[INFORMATION PROVIDED Boundary: Start]

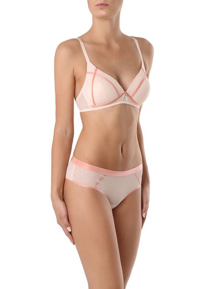 Бюстгальтер из эластичного полотна. Чашки жесткие формованные, без каркасов. На детали чашек и по линии втачивания чашек настрочены отделочные эластичные тесьмы.
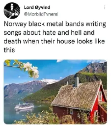 its always like this, i blame protestant work ethics to be honest, it is the reason why catholics in some flooded town in basque spain that's 90% old people or some guy in a shanty town in brazil or colombia sings about how life is fucking awsome and beautiful while a guy in germany or sweden or norway starts a metal band singing about toasting to death and dying in combat because his modern life in colorful comfy snowy oslo is extremely melancholic and shit and depressing (norway just discovered a new gas field and increased GDP and other statistics by 2055% during the making of this song)
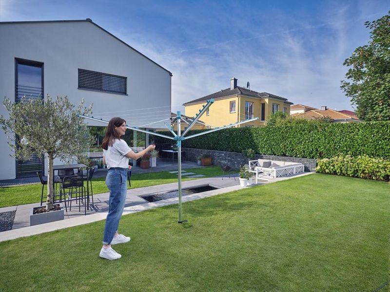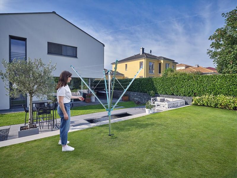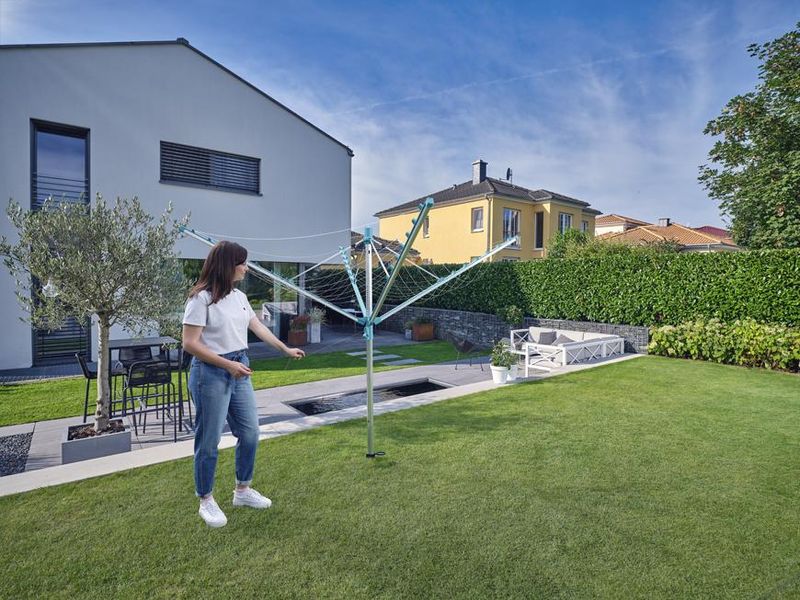 Kültéri forgó szárító, időjárásálló, rozsdamentes alumíniumkeret, szabadalmaztatott behúzható oldalsó zsinórrendszer. A zsinórok védve vannak az esőtől és a szennyeződésektől, ideális zsinórkioldó mechanizmus, a szárító karok végére akasztási lehetőség. 40 m zsinór = 4 adag szennyes. A csomagban található egy konzol a betonozáshoz.
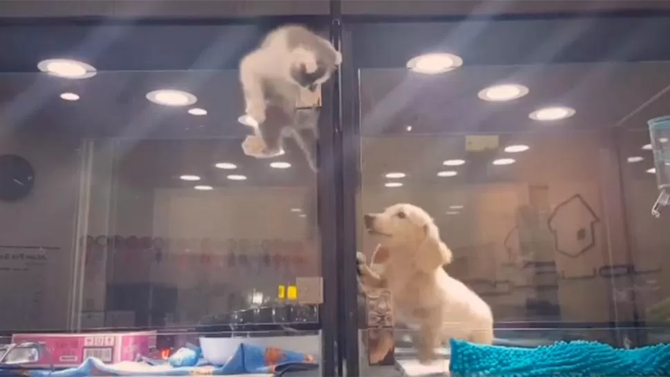 Un video filmado en una tienda de mascotas de la ciudad taiwanesa de Taipei muestra la desesperación de un gato por pasarse a la vitrina de un perro, que lo apoya con mucho entusiasmo.
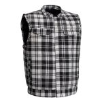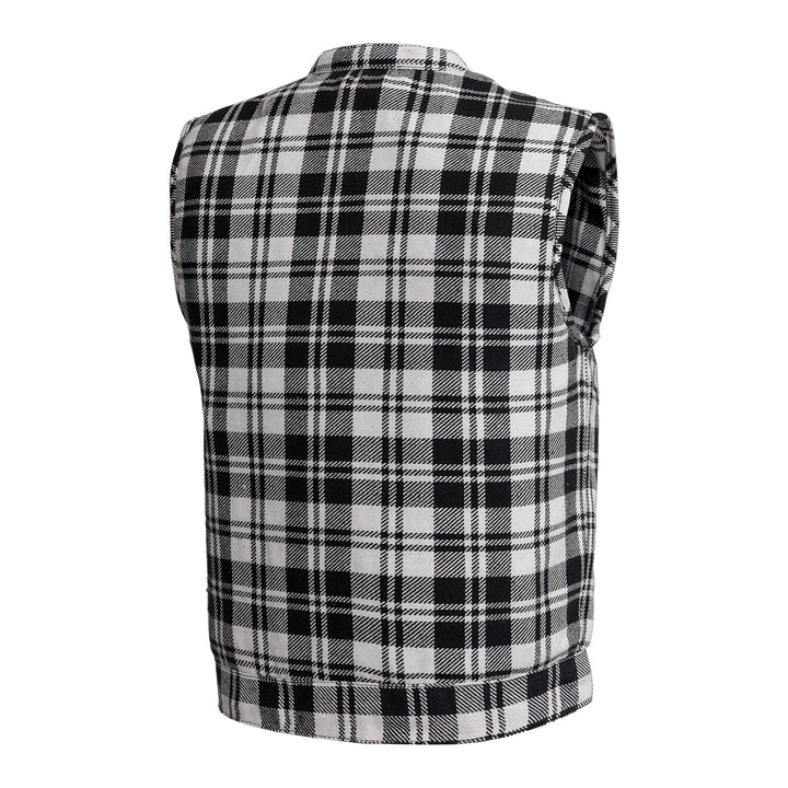 Crafted from durable 14oz recycled water repellent canvas, this club-style vest blends rugged construction with functional design. It features a cropped center zipper, a one-inch collar, and four snap-down pockets for a clean, classic look. Inside, two concealed carry pockets provide secure storage, while armor pockets are built to hold CE-rated protection. A single back panel up to 5XL allows easy customization, and the breathable mesh lining ensures comfort finished with heavy-duty YKK zippers for lasting reliability.
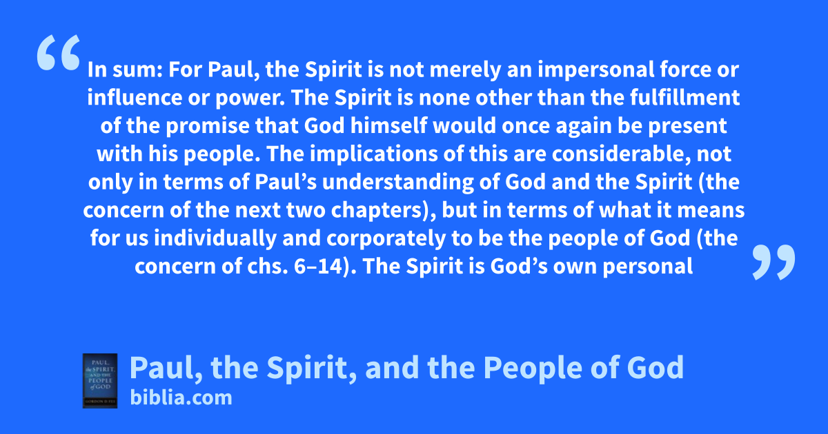 In sum: For Paul, the Spirit is not merely an impersonal force or influence or power. The Spirit is none other than the fulfillment of the promise that God himself would once again be present with his people. The implications of this are considerable, not only in terms of Paul’s understanding of God and the Spirit (the concern of the next two chapters), but in terms of what it means for us individually and corporately to be the people of God (the concern of chs. 6–14). The Spirit is God’s own personal
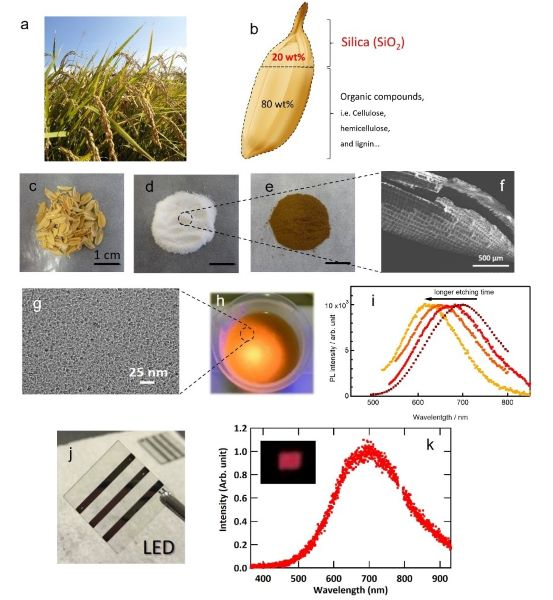 The team used a combination of milling, heat treatments, and chemical etching to process the rice husk silica: First, they milled rice husks and extracted silica (SiO2) powders by burning off organic compounds of milled rice husks. Second, they heated the resulting silica powder in an electric furnace to obtain Si powders via a reduction reaction. Third, the product was a purified Si powder that was further reduced to 3 nanometer in size by chemical etching. Finally, its surface was chemically functionalized for high chemical stability and high dispersivity in solvent, with 3 nm crystalline particles to produce the SiQDs that luminesce in the orange-red range with high luminescence efficiency of over 20%.
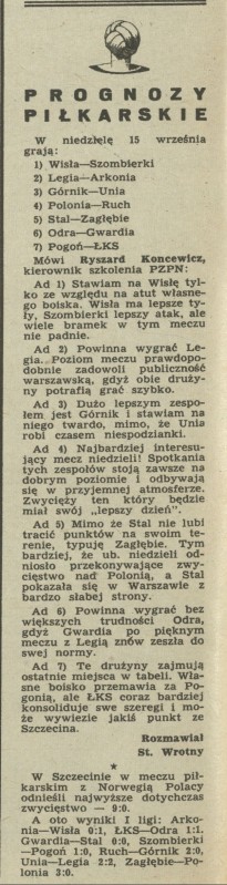 Archiwum / Piłkarskie prognozy nr 962 (37/1963) 40405/123969 Podziel się Tytuł Prognozy piłkarskie Autor Stanisław Wrotny Rubryka Piłkarskie prognozy Artykuł z numeru 962 (37/1963) Data wydania 15 września 1963 Tagi piłka nożna prognozy mecze
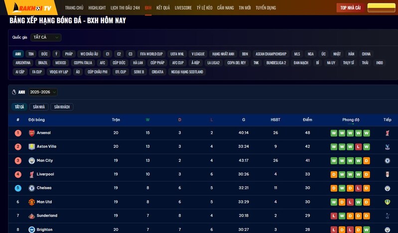 Tại Ra Khoi TV, bảng xếp hạng bóng đá anh hiển thị đầy đủ:
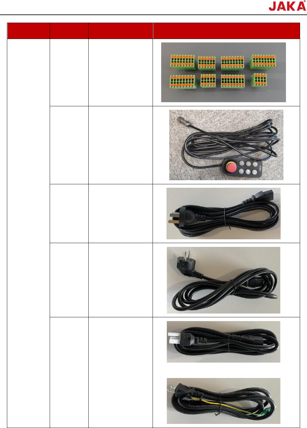 文档版本: 3.1 1 16 / 201 节卡服务手册 机型 编号 名称 图片 GSCB.04 控制柜端子 GSCB.05 手柄 GSCB.06 电源线(国标) GSCB.07 电源线(欧标) GSCB.08 电源线(美标) 或
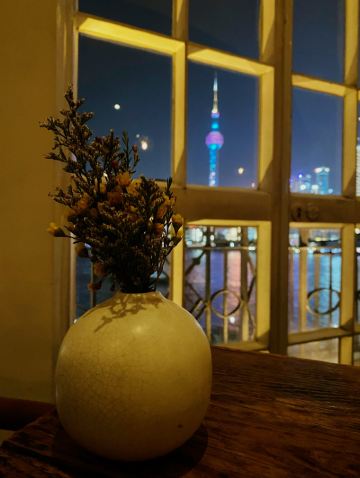 One of the best view restaurants in Shanghai, you can see the three-piece set and countdown lights throughout the meal.
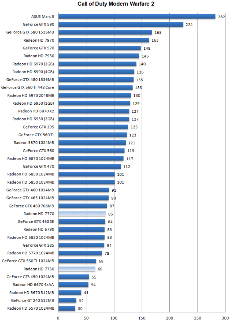HD 7750 несколько слабее своего братца по спецификациям - количество потоковых процессоров составляет 512, а TMU всего 32. Частота ядра также скромнее - 800МГц, а память работает на тех же 4500МГц. Объём GDDR5 памяти у обоих решений - 1ГБ. Рекомендуемая стоимость HD 7750 - 109 долларов США, а HD 7770 - $159.
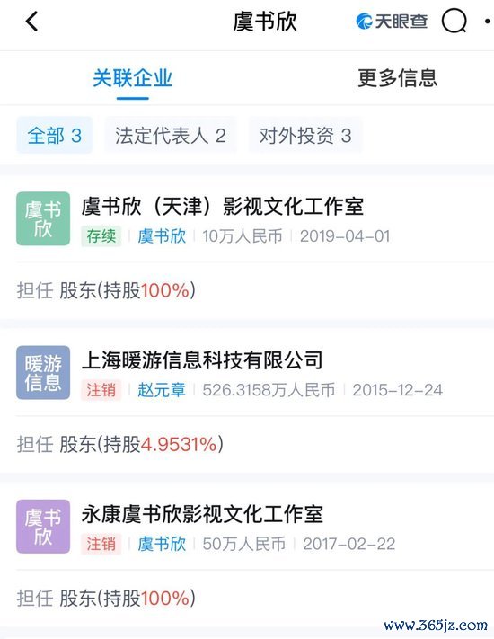 天眼查信息显示,虞书欣关联3家公司,仅虞书欣(天津)影视文化工作室存续,虞书欣担任投资人持股100%。
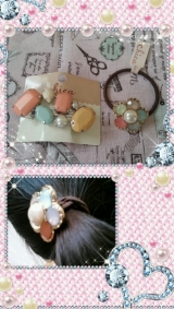 この前、3coinsでヘア小物を買いました似たような色合いこういう感じが好きです重くならずにまとまる♪と評判の大島椿ヘアクリームがあれば梅雨の湿気も怖くない
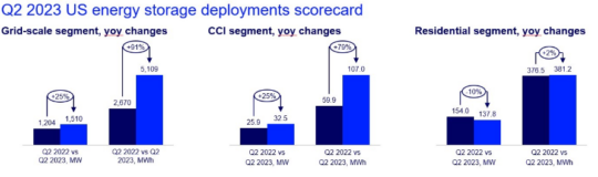 Community, commercial, and industrial (CCI) installations, at 107 MWh, were higher than any quarter in 2022 but could not keep pace with the huge spike in Q1 installations, resulting in a 53% quarterly decline. However, the segment is still up 25% year-over-year.
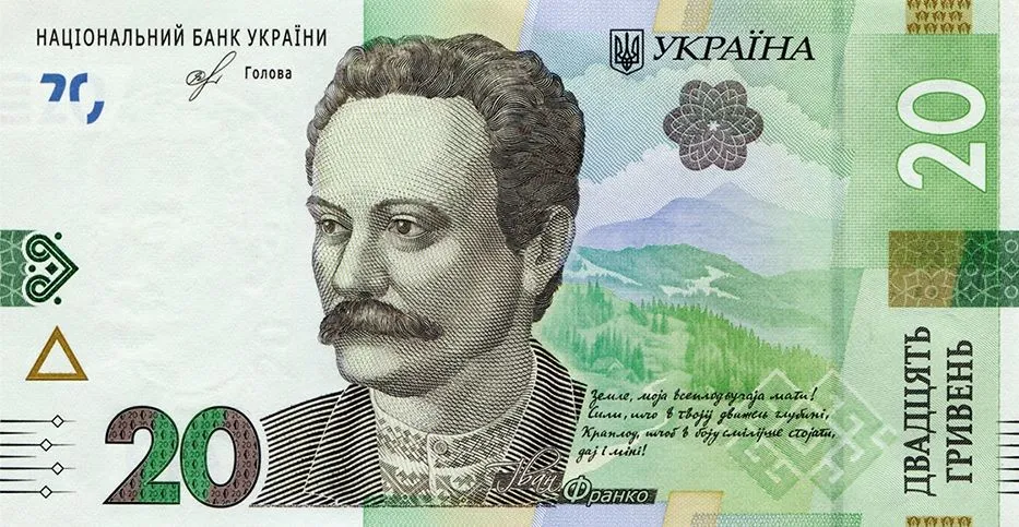 На купюрі у 20 гривень Франко зображений у вишиванці
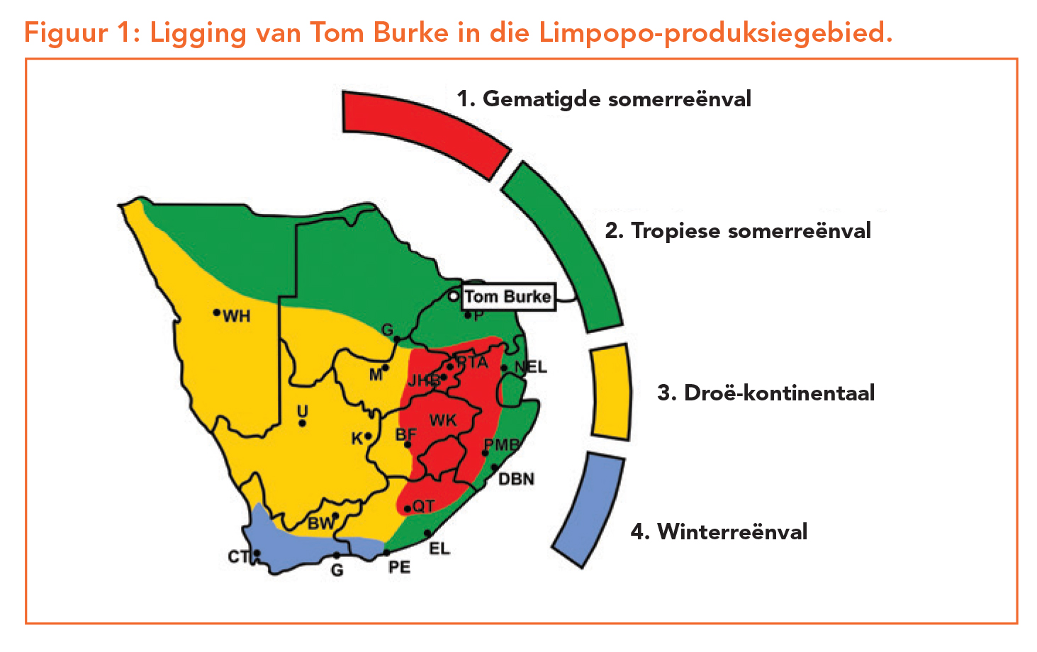 Tom Burke val in Suid-Afrika se tropiese somerreënvalgebied (Figuur 1) en ontvang die afgelope 16 jaar ’n gemiddelde jaarlikse reënval van 372 mm, aldus die nabygeleë Landbounavorsingsraad (LNR)-weerstasie. Winters in hierdie streek is koel en kort, terwyl die somers baie warm en lank is. Gedurende die wintermaande van Mei tot Julie, ervaar die streek langtermyntemperature van gemiddeld 6°C minimum en 27°C maksimum, met baie min dae waar die kwik onder 0°C daal. Derhalwe is twee produksieseisoene hier moontlik: ’n Vroeë aanplanting gedurende Januarie tot Maart met die hoofaanplanting vanaf April tot Julie. Danksy hierdie twee aanplantings, is die streek se bydrae tot die Suid-Afrikaanse aartappelbedryf een van die grootste.
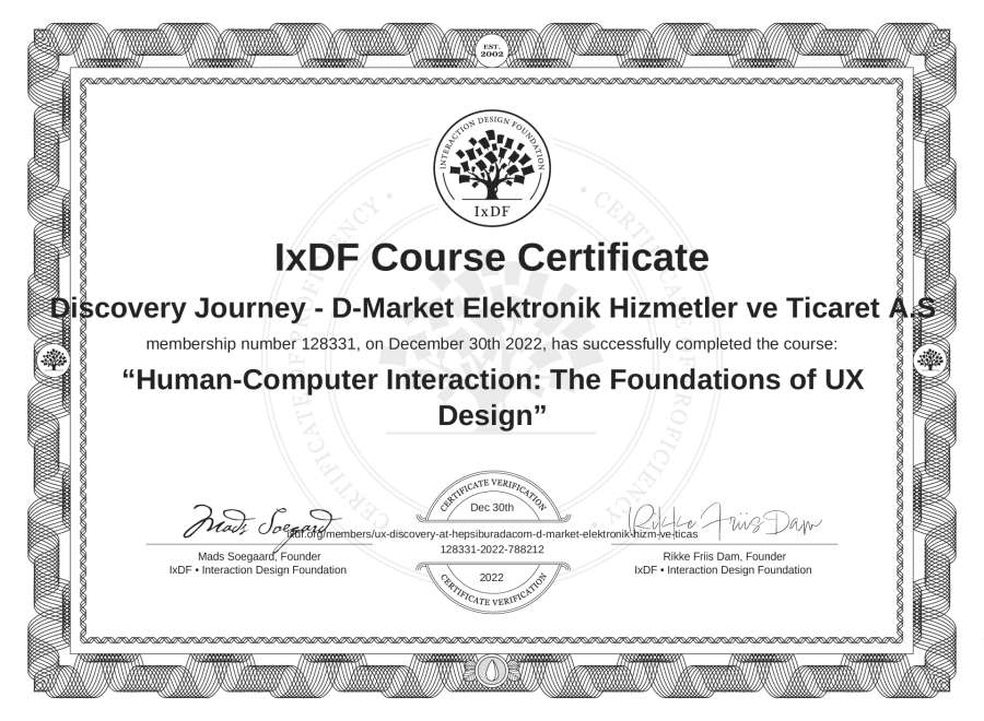The IxDF Course Certificate above is awarded to Discovery Journey - D-Market Elektronik Hizmetler ve Ticaret A.S in formal recognition of their coursework surpassing the rigorous benchmarks of exceptional performance established by the IxDF Educational Codex.
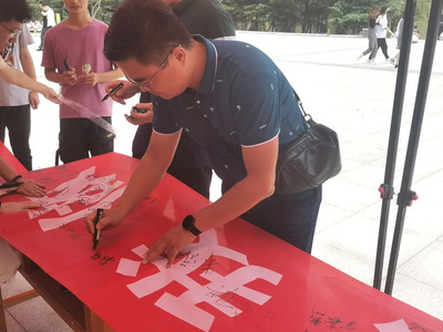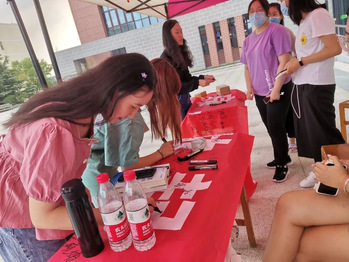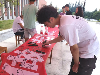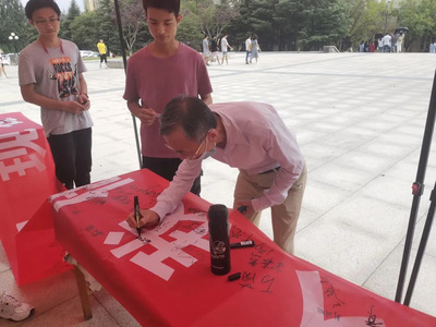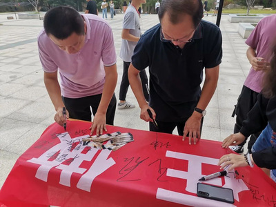 活动开始前,策划人员精心设计宣传海报、节粮爱粮书签和宣传条幅。橱窗里的海报和道路主干道两侧悬挂的条幅格外醒目,在餐厅门口宣传活动现场同学们积极签名,签名同学获赠一枚节粮爱粮书签。
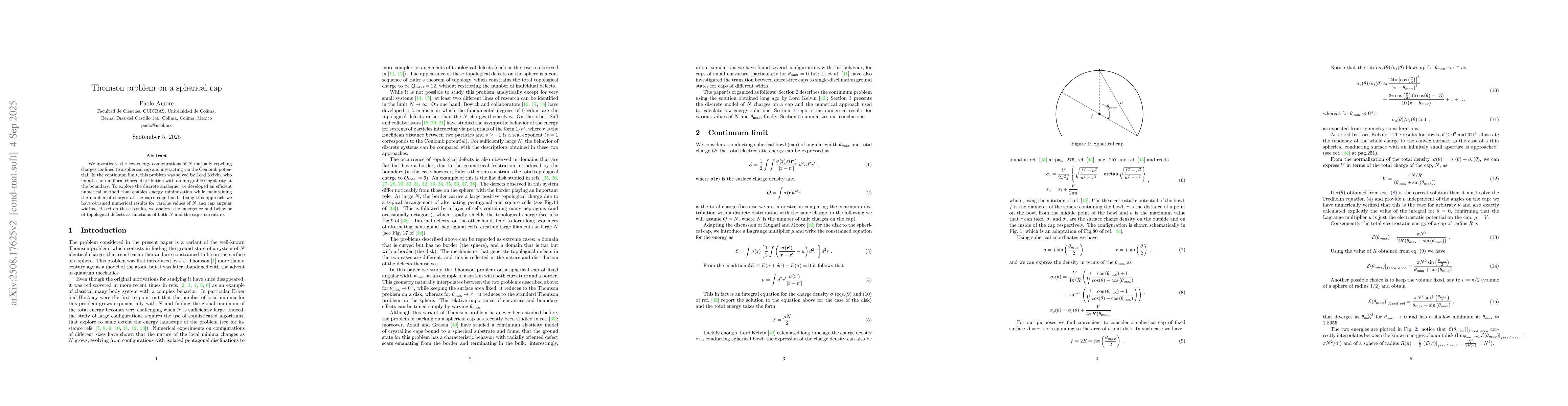 We investigate the low-energy configurations of N mutually repelling charges confined to a spherical cap and interacting via the Coulomb potential. In the continuum limit, this problem was solved by Lord Kelvin, who found a non-uniform charge distribution with an integrable singularity at the boundary. To explore the discrete analogue, we developed an efficient numerical method that enables energy minimization while maintaining the number of charges at the cap's edge fixed. Using this approach we have obtained numerical results for various values of N and cap angular widths. Based on these results, we analyze the emergence and behavior of topological defects as functions of both N and the cap's curvature.
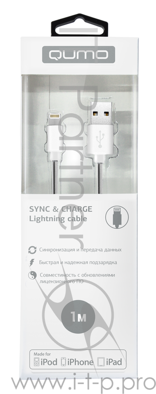 Кабель Cable Qumo MFI PVC+CoilL 1м wh (AP100) (21710)
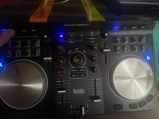 Mesa de mezclas DJ Hercules Universal en color negro y plateado. Ideal para DJs. - Dos jog wheels. - Controles de EQ (Treble, Mid, Bass). - Pads de efectos y samples. Lo he probado conectandolo al pc y funciona
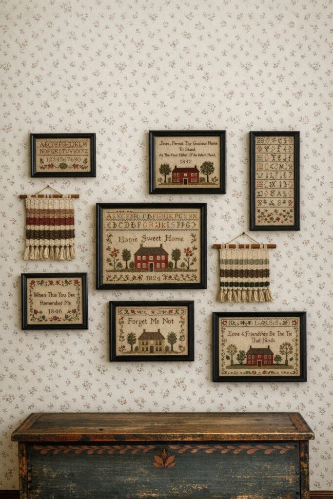 Hand-stitched samplers add patience, care, and meaning to your walls. Their messages—about home, gratitude, and family—set a gentle tone.

[INFORMATION PROVIDED Boundary: End]

- _TASK REQUIREMENTS_
Above, find the line holding "この前、3coinsでヘア小" and the line holding "Tom Burke val". Print exactly those two lines and every line between them, but no pictures.

- _REPLY TO THE TASK_
 この前、3coinsでヘア小物を買いました似たような色合いこういう感じが好きです重くならずにまとまる♪と評判の大島椿ヘアクリームがあれば梅雨の湿気も怖くない
 Community, commercial, and industrial (CCI) installations, at 107 MWh, were higher than any quarter in 2022 but could not keep pace with the huge spike in Q1 installations, resulting in a 53% quarterly decline. However, the segment is still up 25% year-over-year.
 На купюрі у 20 гривень Франко зображений у вишиванці
 Tom Burke val in Suid-Afrika se tropiese somerreënvalgebied (Figuur 1) en ontvang die afgelope 16 jaar ’n gemiddelde jaarlikse reënval van 372 mm, aldus die nabygeleë Landbounavorsingsraad (LNR)-weerstasie. Winters in hierdie streek is koel en kort, terwyl die somers baie warm en lank is. Gedurende die wintermaande van Mei tot Julie, ervaar die streek langtermyntemperature van gemiddeld 6°C minimum en 27°C maksimum, met baie min dae waar die kwik onder 0°C daal. Derhalwe is twee produksieseisoene hier moontlik: ’n Vroeë aanplanting gedurende Januarie tot Maart met die hoofaanplanting vanaf April tot Julie. Danksy hierdie twee aanplantings, is die streek se bydrae tot die Suid-Afrikaanse aartappelbedryf een van die grootste.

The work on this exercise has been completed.